Work instruction: Print exactly the lines from the one that contains "انقر على أيقونة" through the final line of the entries below, both included, and nothing else; omit the pictures.

Data records

BEGIN

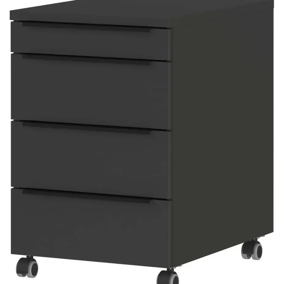 De ladekast met wielen uit de Hermoso-reeks combineert functionaliteit met een eigentijds ontwerp. Het antracietkleurige design voegt een moderne uitstraling toe aan elke ruimte. Met afmetingen van 42 cm lengte, 60 cm breedte en 63 cm hoogte biedt deze kast voldoende opbergruimte zonder te veel ruimte in beslag te nemen. De aanwezigheid van wielen maakt het gemakkelijk om de kast te verplaatsen naar verschillende locaties in huis, waardoor het een veelzijdige oplossing is voor het organiseren van kleding, accessoires, documenten of andere benodigdheden. Dankzij de soepel lopende wielen kunnen de lades moeiteloos worden geopend en gesloten, waardoor het gebruiksgemak wordt gemaximaliseerd. Het stevige materiaal zorgt voor duurzaamheid en stabiliteit, terwijl het slanke ontwerp het ideaal maakt voor gebruik in diverse interieurstijlen. Of het nu in de slaapkamer, woonkamer, kantoor of zelfs in een studioappartement is, deze ladekast past zich gemakkelijk aan aan elke omgeving en biedt een praktische en esthetisch aantrekkelijke opbergoplossing.
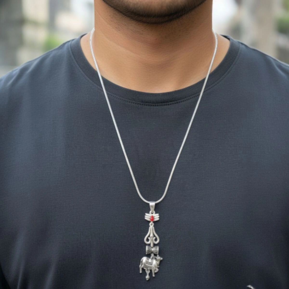 - A Shankara’s Divine Symbols Pendant (Trishul, Damru, Nandi) Chain
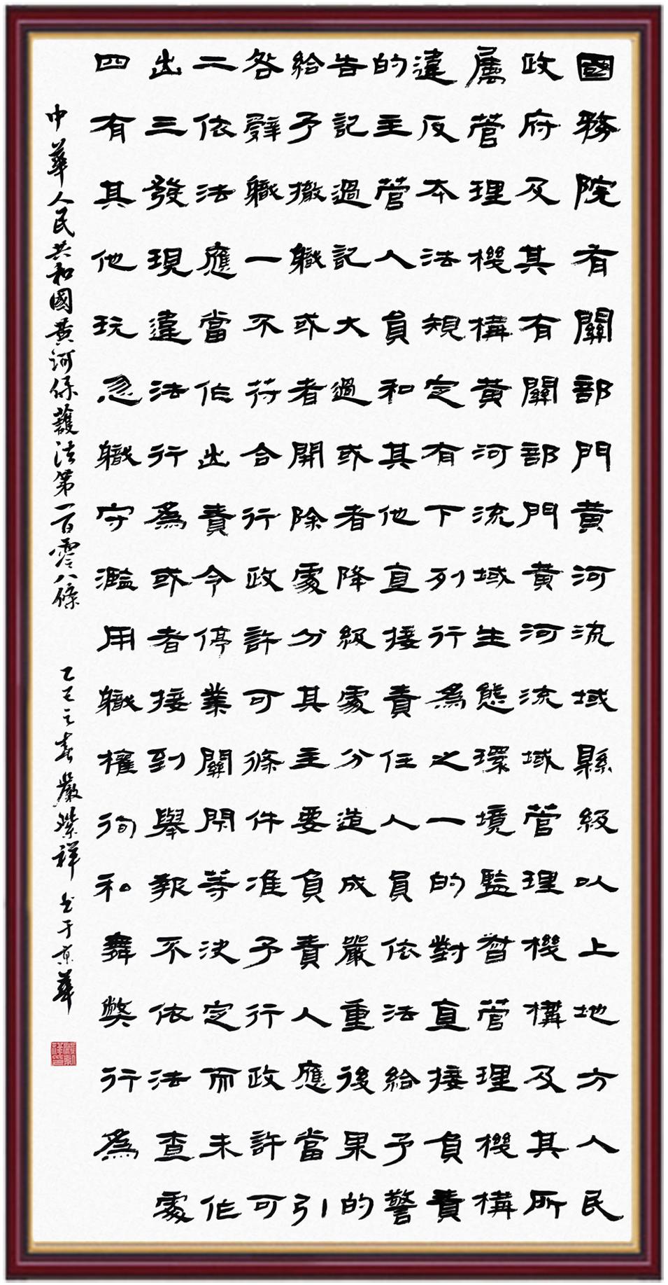黃河寧,天下平。黃河是中華民族的發(fā)源地和搖籃,保護(hù)黃河是事關(guān)中華民族偉大復(fù)興的千秋大計(jì)?!吨腥A人民共和國(guó)黃河保護(hù)法》為推進(jìn)水資源節(jié)約集約利用、保護(hù)傳承弘揚(yáng)黃河文化、推動(dòng)黃河流域生態(tài)保護(hù)和高質(zhì)量發(fā)展提供了有力法治保障。繼書(shū)寫(xiě)《中華人民共和國(guó)民法典》《中華人民共和國(guó)憲法》《中華人民共和國(guó)澳門(mén)特別行政區(qū)基本法》《中華人民共和國(guó)香港特別行政區(qū)基本法》《中華人民共和國(guó)國(guó)旗法》《中華人民共和國(guó)國(guó)徽法》《中華人民共和國(guó)國(guó)歌法》《中華人民共和國(guó)法官法》等法律法規(guī)之后,法制日?qǐng)?bào)社聯(lián)合沿黃九?。▍^(qū))司法廳、書(shū)法家協(xié)會(huì),將筆端對(duì)準(zhǔn)《中華人民共和國(guó)黃河保護(hù)法》。
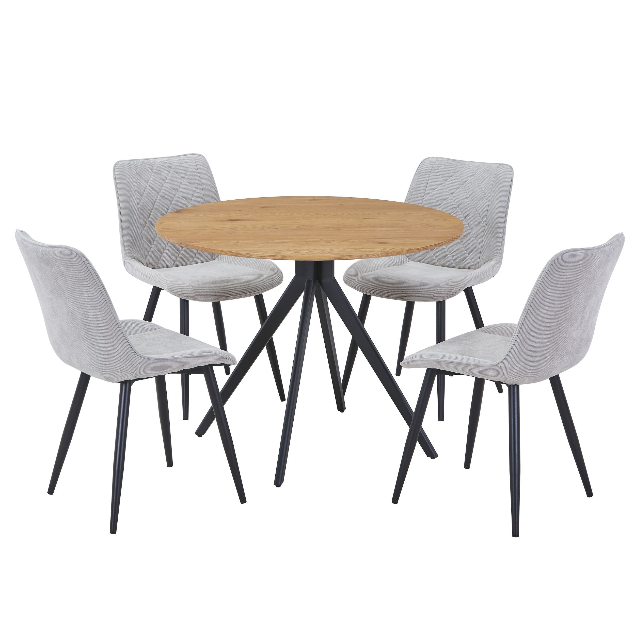 NEXO Round Dining Table with 4 Cord Diamond Stitch Fabric Chairs - Light Oak with Light Grey
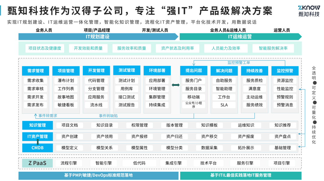 “强IT”表现在助力企业实现IT建设运维一体化,IT资产管理流程化,IT技术开发平台化,知识管理智能化;“强服务”表现在助力企业搭建数字化员工服务中心,数字化客户服务中心。甄知科技,始终致力于将“强IT”“强服务”理念、方法、实践沉淀为数字化产品,有助于企业数字化建设。
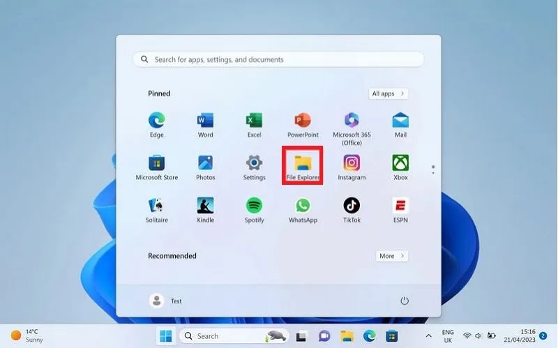 انقر على أيقونة Windows الموجودة على شريط المهام. ثم حدد File Explorer من قسم البرامج المثبتة.
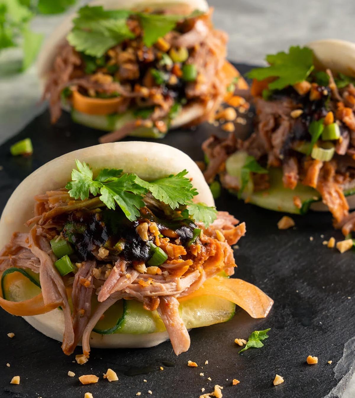 Bao buns även kallad asiatisk taco är otroligt enkelt och gott. Bröden köper du färdiga, och tillsammans med pulled pork är det enda du behöver göra är att värma köttet och skära grönsakerna. Precis som tacos sätter man ihop sina egna bao buns med tillbehören man önskar.

END

Your response:
 انقر على أيقونة Windows الموجودة على شريط المهام. ثم حدد File Explorer من قسم البرامج المثبتة.
 Bao buns även kallad asiatisk taco är otroligt enkelt och gott. Bröden köper du färdiga, och tillsammans med pulled pork är det enda du behöver göra är att värma köttet och skära grönsakerna. Precis som tacos sätter man ihop sina egna bao buns med tillbehören man önskar.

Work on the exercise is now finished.